Cooks who served vegetables were seen as less “lazy” and better at “making the meal,” both for the experience and for the taste quality. The non-vegetable chefs scored 7.00 for “loving” and were rated higher for being “neglectful,” “selfish” and “boring,” while those who included veggies scored a 7.92 for “loving.”
With over 70% of vegetables consumed at dinner, and only 23% of dinners including vegetables, it may be time to intentionally link popularity with healthful veggies!

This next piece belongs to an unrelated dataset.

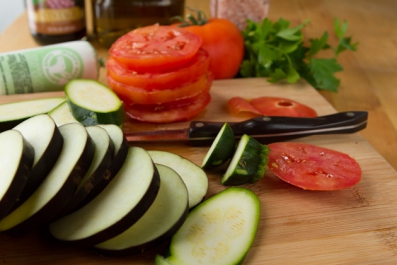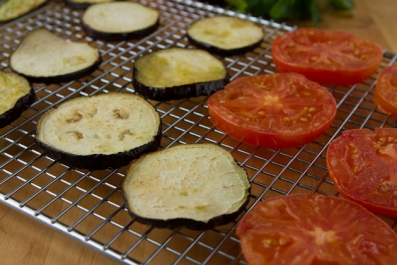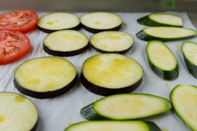 Arrange eggplant, tomato and zucchini slices in single layer on the prepared sheets. Brush both sides with oil and sprinkle with salt and pepper.

A major cause of overeating these days is distorted portion sizes. Many people do not know what a correct portion size is, partly due to restaurants serving gigantic portions. The United States Department of Agriculture (USDA) has developed the MyPlate diagram to try to combat this issue. MyPlate was designed to provide people with an easy way to build a healthy plate. The basic idea is to use a plate that is no larger than nine inches in diameter and then designate specific areas for each food group. To determine how much you need of each food group visit ChooseMyPlate.gov.
Below are ways to quickly determine portion sizes using just your hands or commonly seen items.
1/2 cup cooked rice = tennis ball
1 cup of pasta/spaghetti (2 ounces) = a fist
1 cup of cereal flakes (1 ounce) = a fist
1 medium baked potato (1 cup) = computer mouse/fist
1 medium size fruit = tennis ball/fist
1 oz. cheese = thumb (tip to base)
1 cup of ice cream = baseball
3 oz. cooked meat, fish, poultry = your palm/deck or cards/cassette tape
1 tsp. butter/margarine = stamp
1 TBSP regular salad dressing = ping-pong ball
2 TBSP peanut butter = ping-pong ball
1 oz. of nuts = one cupped hand
1 oz. of pretzels = two cupped hands
GET UP AND OUT
Spring is coming (trust me) and there will soon be no more excuses not to go outside and enjoy outdoor activities. If you have been hibernating most of the winter, take it slow, but do get out there!